Chatfeild-Roberts: Fed might not be able to cope with tightening

John Chatfeild-Roberts, head of Jupiter’s multi-manager Merlin range, has doubts over whether the Federal Reserve can successfully pull off its tightening regime.

Chatfeild-Roberts: Fed might not be able to cope with tightening
2 minutes

Exactly 10 years on from the day that BNP Paribas blocked investors from withdrawing money from three of its funds, the actions of the Federal Reserve are again being studied by investors with acute interest.

Among them, is Jupiter’s Chatfeild-Roberts, who holds the contrarian view that the global financial crisis began back in February 2007 when HSBC had to write down a huge sum on its Republic Bank over some bad US mortgages.

The real important question, said Chatfeild-Roberts, is whether the Fed will initiate quantitative tightening (QT) and if so, what will be the effects on markets?

America’s central bank has recently indicated it is thinking about changing tact, reverting from an ultra loose monetary policy to a tighter regime.

One of the first steps in this tightening process would see the central bank not reinvesting money it receives after the bonds it owns come to maturity, Chatfeild-Roberts explained.
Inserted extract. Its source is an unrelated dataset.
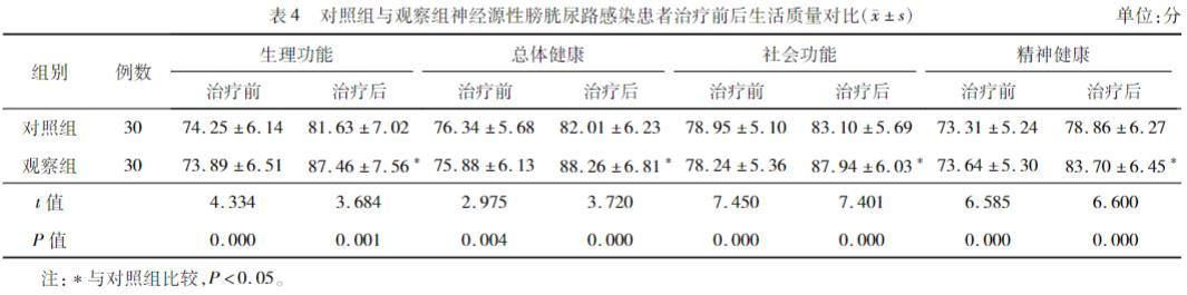 表4对照组与观察组神经源性膀胱尿路感染患者治疗前后生活质量对比(珋x±s)单位:分

In theory, the central bank would not reinvest in incremental amounts; $10bn in the first month, followed by $20bn in the second month, and so on.

If the Fed’s reinvestment programme goes according to plan, this “significant tightening” could bring the Fed’s $4.5trn balance sheet back down to $1trn by 2023 and could equate to 75 basis points of actual tightening within the next year, he said.

But he also thinks it is a possibility that central bankers will be unable to cope with a 20% fall in the market and implement more quantitative easing or stop tightening altogether.

“At one level, you’ve definitely got a central bank that wants to normalise,” he said.

“But the question is what is the market reaction going to be to that tightening and can the Fed cope with that?

“I don’t know, but one suspects they might not be able to. But one also suspects that they’re going to have a go at it.”

Tightening from the Fed would be good news for risk assets, which he thinks would become cheaper.

“Even allowing for President Trump and North Korea you would think that perhaps things ought to get a bit cheaper.”

Though there has been a great deal of discussion about the convergence of monetary policy toward normalisation across central banks, Chatfeild-Roberts reiterated that the Fed is the one to watch.

“They were the first people to do QE intellectually,” he said.

“They’ve been leading it and everyone else has been following. I have all eyes on the Fed myself.”